The new entity, TopCo, will have a diversified portfolio across asset classes, including private equity, property, building products, and credit.
Shareholders gain exposure to a high-quality, diversified portfolio and benefit from enhanced capital allocation and governance.
The merger is expected to be accretive to net asset value and cash flow per share, providing cyclical protection and strong cash generation.
Both boards and independent directors unanimously recommend the merger, citing value creation, increased scale, and enduring shareholder value.
Financial terms and conditions
Soul Pattinson shareholders receive 1 TopCo share per share; Brickworks shareholders receive 0.82 TopCo shares per share.
Brickworks shareholders receive a 10.1% premium to last close, 11.9% to one-month VWAP, and 21.9% to three-month VWAP; implied value per share is $30.28.
Pro forma net asset value is AUD 13.1 billion, market cap AUD 14 billion, and free float AUD 12.6 billion.

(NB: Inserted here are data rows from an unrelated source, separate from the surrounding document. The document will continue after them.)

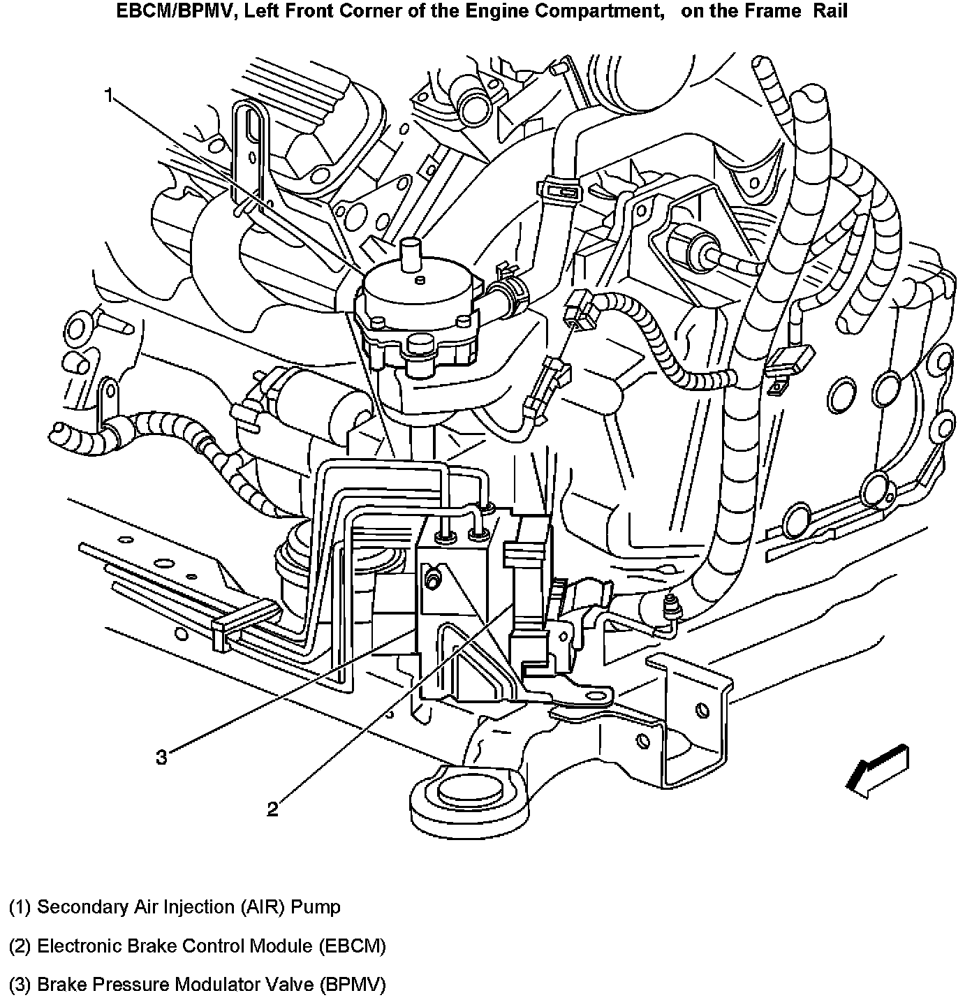 EBCM/BPMV, Left Front Corner Of The Engine Compartment, On The Frame Rail:
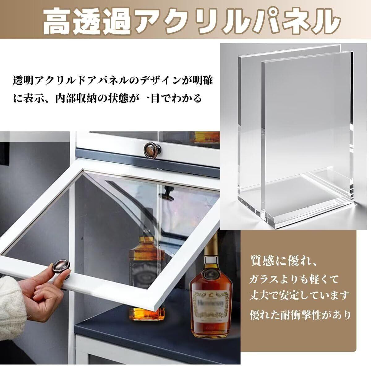 ✨クリアなアクリルパネルは、ボトルの美しさを引き立てながら、中身を一目で確認できます。壊れにくく、丈夫な素材を使用しているため、日常使いでも安心です。
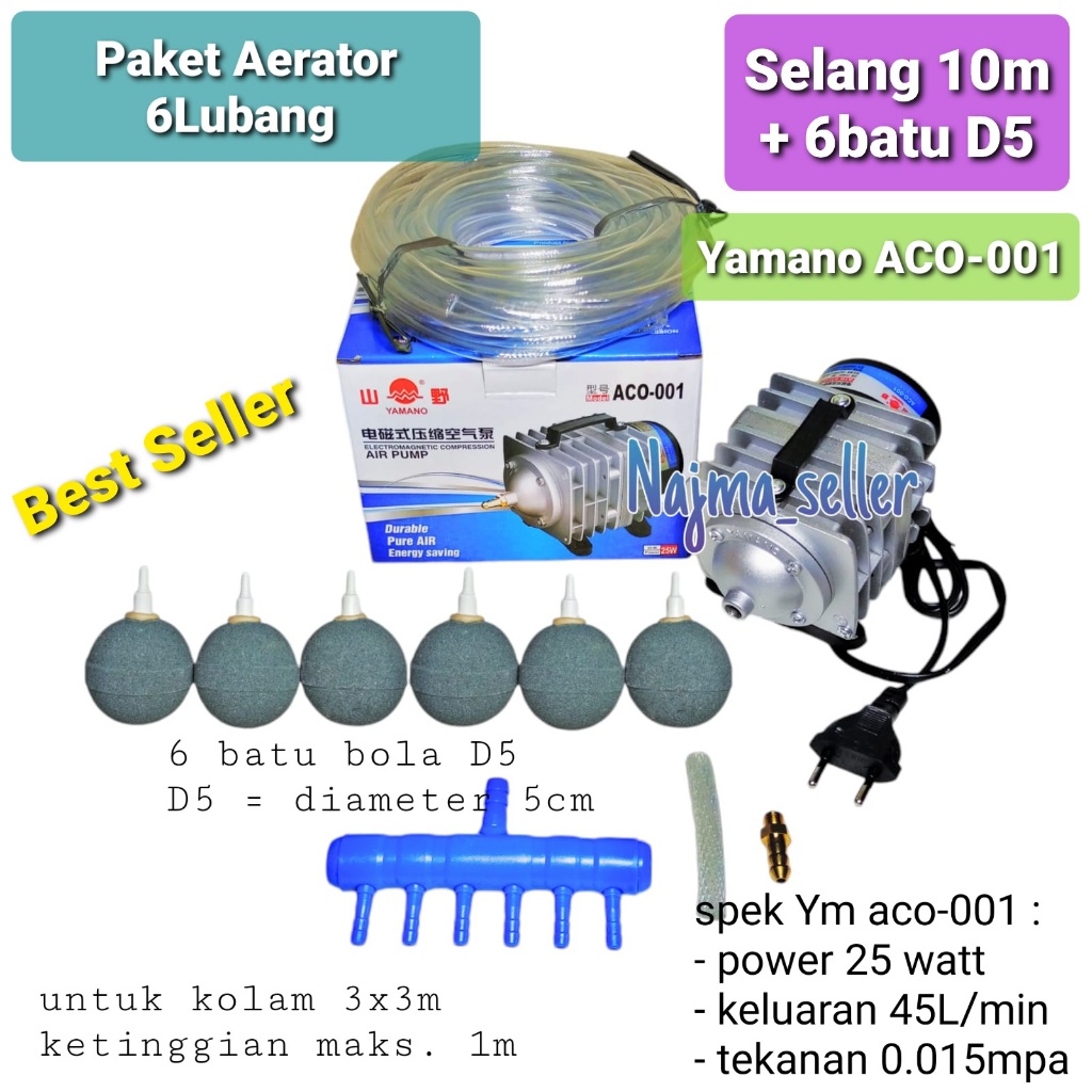Paket Aerator Kolam 6 Lubang Yamano ACO-001, airstone Bola. Paket Lengkap Aerator kolam dan aquarium.
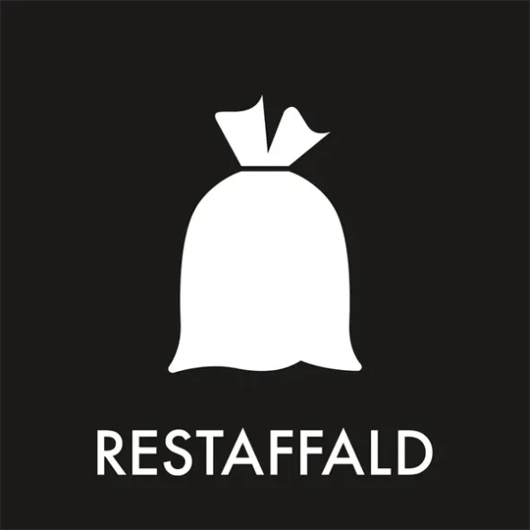 Piktogram, 6x6cm, sort, folie, til restaffald, selvklæbende
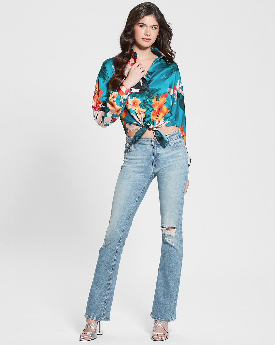 • Guess Women's Navy Blue Polyester Tropical Print Regular Fit Shirts
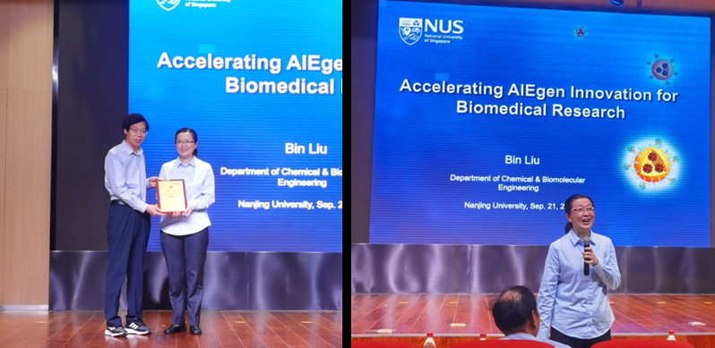 2023年9月21日下午,公司杰出院友、新加坡国立大学刘斌院士应邀作为betway西汉姆联“戴安邦学术讲坛”嘉宾,为学院师生作了题为“Accelerating Biomedical Research through AIEgen Innovation”的精彩学术报告。本次报告由黎书华经理主持,黎经理首先介绍了刘斌院士的简历和学术成就,然后由公司党委书记朱成建代表学院向刘斌院士颁发了“戴安邦学术讲坛”纪念铭牌。公司多个学科的师生参加了报告会。
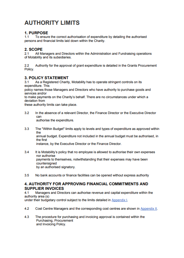 This policy names the Directors and Managers who have the authority to purchase goods and services and/or to make payments on the charity’s behalf.
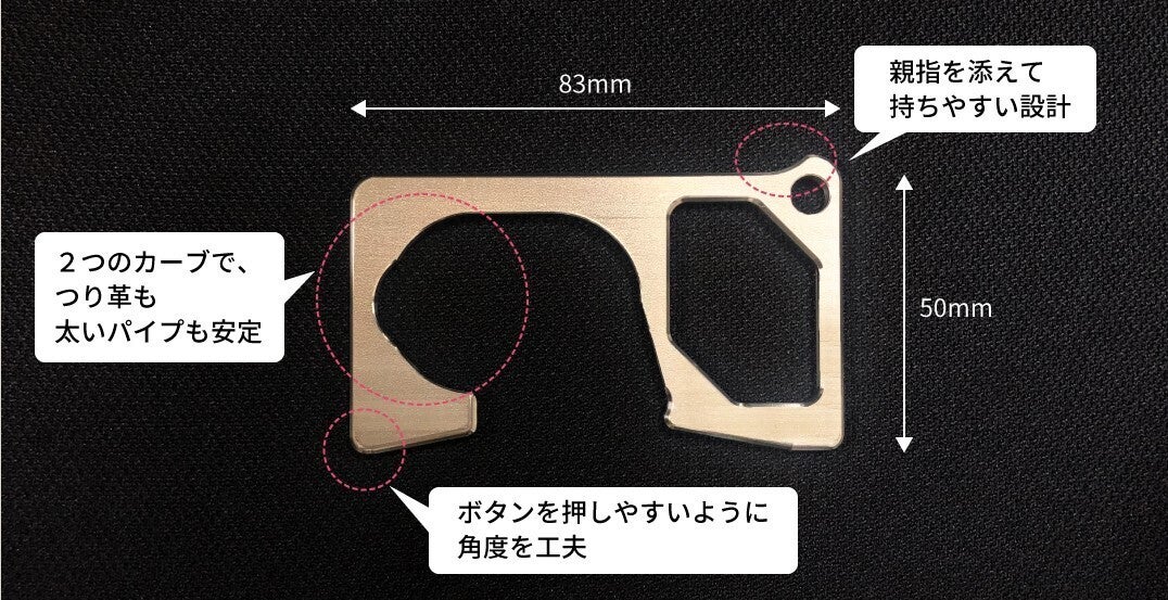 高い腐食性、耐久性を誇るチタンを素材に選び、1つずつ削り出して丁寧に仕上げたチタンフックです。ウイルスの付着が気になる電車やバスのつり革、手すり、ドアの開閉やエレベーターなどのボタンに直接触れずに使用することができます。
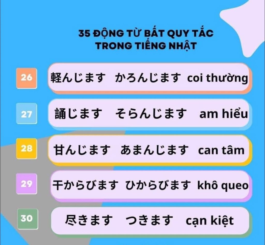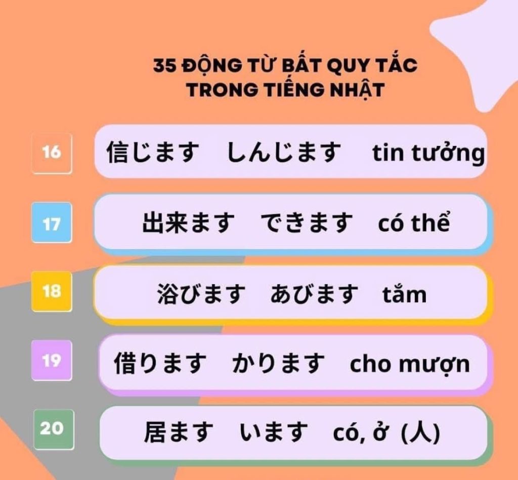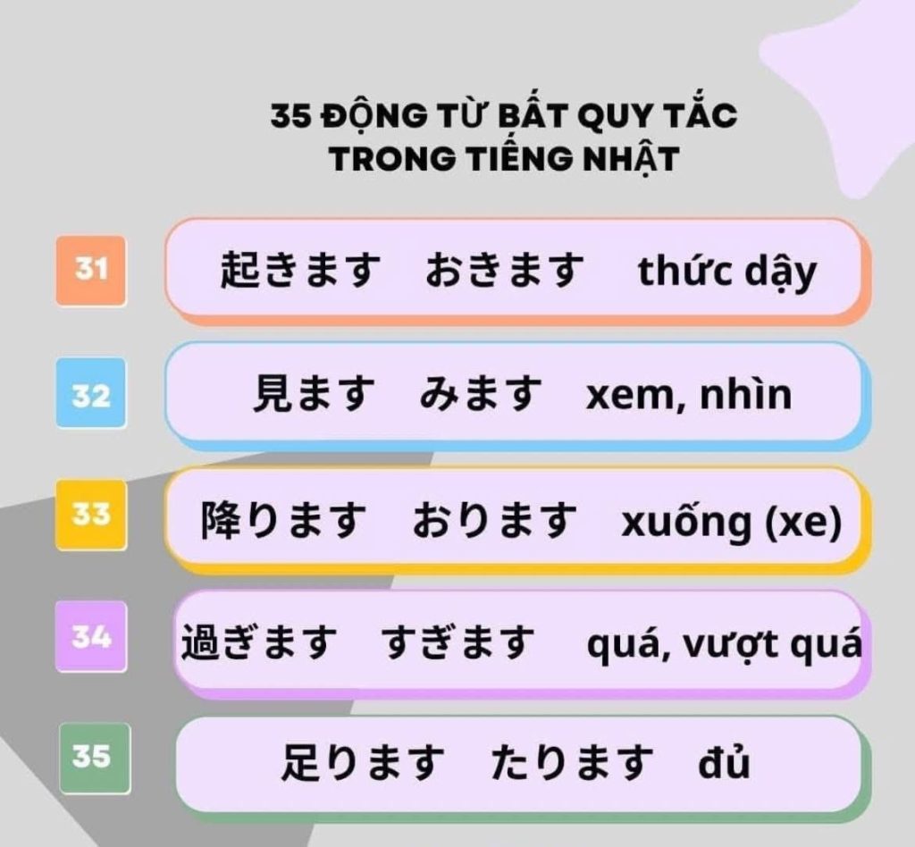 35 Động Từ bất quy tắc trong tiếng Nhật

At least 34 million new TopCo shares to be issued, with $550 million in commitments and a total raise of at least $1.25 billion.
Transaction costs, including stamp duty, are estimated at around AUD 250 million.
Synergies and expected cost savings
The merger is expected to deliver NAV and cash flow accretion per share for both sets of shareholders.
Some cost savings expected from eliminating duplicate listing costs, but synergies are not a major driver.
Shareholders gain greater diversification, financial flexibility, and access to a broader investment pipeline.